Why I Write: A Memento Mori

By Evan Guilford-Blake

Photography by Jesse Ryan Brown

Every night, my wife and I listen to an old time radio program. In the dozen years we’ve been doing it, we’ve heard everything from the Jack Benny Show (all 19 years) to every episode of Johnny Dollar, Dragnet and countless more.

Just now, we’re nearing the end of X Minus 1, an anthology science fiction series broadcast by NBC during the mid-1950s, and co-presented by Galaxy Magazine, one of the genre’s premier publications. The stories (which first appeared in Galaxy and Astounding Science Fiction) were adapted to radio theatre; they are by many of the shining stars of the fantastic, names oh-so well known to me. I grew up devouring the paperbacks and pulps of the era: Clifford Simak, Frederick Brown, Ray Bradbury, among (so) many others.

But some I don’t know at all, and they’re by authors whose names I don’t recall ever seeing in print, either: Frank Quattrocchi’s Sea Legs, for example, and Jack McKenty’s A Thousand Dollars a Plate. Also among (so) many others.

The surprise in all this is how few of the stories I can find in print, anywhere. Most of them, from the astounding to the yawn-inducing, have simply disappeared, like the Western tales of the late 1800s and the war stories that abounded for a decade after World War II.

I’m sure there are treasured copies tucked away in the archives of rare magazine aficionados. But I’ve looked for Sea Legs and A Thousand Dollars a Plate, in libraries on- and off-line and all over the Internet. They’re not there.

They’ve vanished.

I’m a writer. I write prose and stageplays. Influenced by my mother, who wrote radio plays and short stories (and was, like me, an avid reader) I started writing when I was five: Mom sent off a poem I’d written to a children’s magazine that actually published it. Paid me five bucks, too. I was astonished and exhilarated. I’ve been writing ever since. I still get exhilarated when a publisher says “Yes!”

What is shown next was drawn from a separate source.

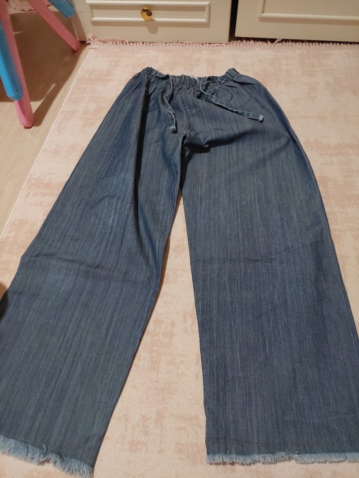 Beli kemerli, uçları püsküllü, mavi renkli, loose fit midi kot pantolon. Rahat ve günlük kullanım için uygundur.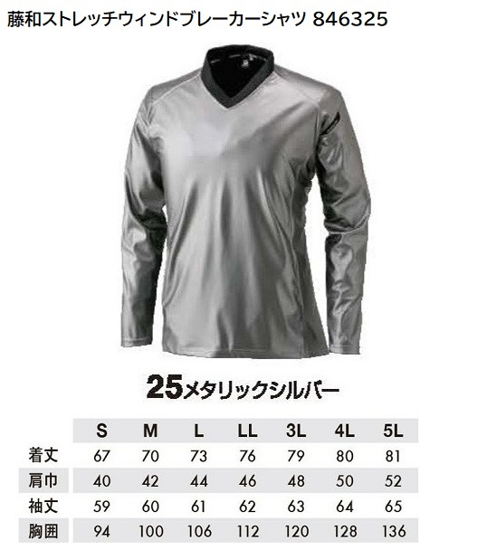 [ゆうパケット/1枚]◆藤和ストレッチウィンドブレーカーシャツ 846325【25メタリックシルバー・Sサイズ】定価7590円の品、即決1480円♪

I dabbled for a long time but I came to writing as a raison d’être later in life. I’m fortunate: I’ve had some success and, because my wife makes a good living (and loves that I write), I can spend three, five, seven hours a day doing it, despite the distractions and obligations that make up my day (as they make up the days of most writers). I had my first trade paperback (a play) published in 2009, three novels and a short story collection since, and I have manuscripts galore floating about the universe like bond-paper fairies in search of someone (else) to believe in them.

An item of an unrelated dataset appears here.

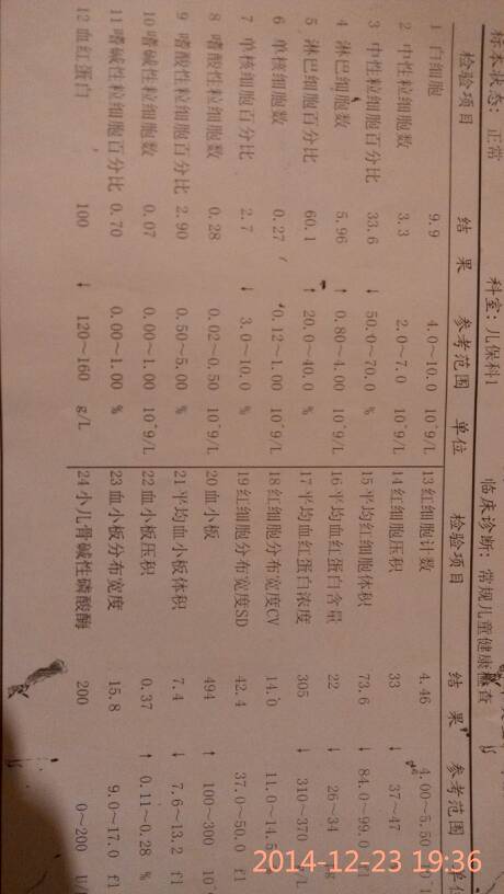 你好,欺虏这张血常规检查报告显示:白细胞总数正常,中性粒细胞百分贸斯比下降,淋巴惠府宰细胞百分比升高,且比率变化明显,提示有病毒感染,具体要根据患儿的病情分析。中性粒细胞和淋巴细胞都是白细胞,根据这两种细胞类型的比率变化,可以反应是细菌感染(中性粒细胞升高,淋巴细胞下降),还是病毒感染。

In the process, I’ve come to terms with a fact of literary life: If I’m lucky, I’ll make a little money, but, alas, I’m not gonna get rich. Nor will my name become a household word.

So, then, why (other than for love) do I bother?

For many years, I said I wrote because I could. Later, my rationale was that, like breathing, it was easier for me to write than it was not to write.

Now, however, I’ve come to realize the reality: I write because it’s my way to be remembered. I’m striving for immortality.

Most of what I write these days is what’s classified as “literary fiction”: short stories about Things That Matter, written in a relatively dense style that creates demands on the reader. In other words, I try to write things that mean something now, and will retain meaning for generations to come. Deathless prose. Literature.

Which brings me back to X Minus 1.

Galaxy and ASF, for all their merits as entertainment, along with so many magazines of the last hundred years (the list is endless: It includes everything from Collier’s and The Smart Set to Argosy and Soldier of Fortune) published work that, for the most part, can be classified as “disposable art”: works written for the moment and the readership of that moment. (Many of the X Minus 1 tales, written in the decade following World War II, deal with apocalyptic themes and are often set in a barren, post-nuclear-war world; they’re frequently less fantasy than cautionary.) That’s not a qualitative assessment: Popular fiction can be literary. (Le Guin, for example, is among the finest writers of all time; her work is just less demanding than, say, Nabokov’s or Woolf’s.) But, so much of the time, popfic, even good popfic, is forgotten as soon as one generation is supplanted by the next.

That makes me sad. Robert Simak and Zenna Henderson and Frederick Brown, and the million other authors who wrote for Galaxy and its brethren (and those who write for them now) also must, at one time or another, have been striving for immortality. My best guess is that each time they sat down, pen in hand or before the typewriter or, nowadays, at the computer, they thought: This time, this time, I’m going to write a story that will place my name in Authorial Valhalla, alongside Shakespeare and Austen and Goethe and Langston Hughes. I can’t imagine Frederick Brown ever thinking: Okay, they need something that’s 4000 words about space travel, and I’ve got three days, so… (All right: I’m sure they did that, too, on occasion.)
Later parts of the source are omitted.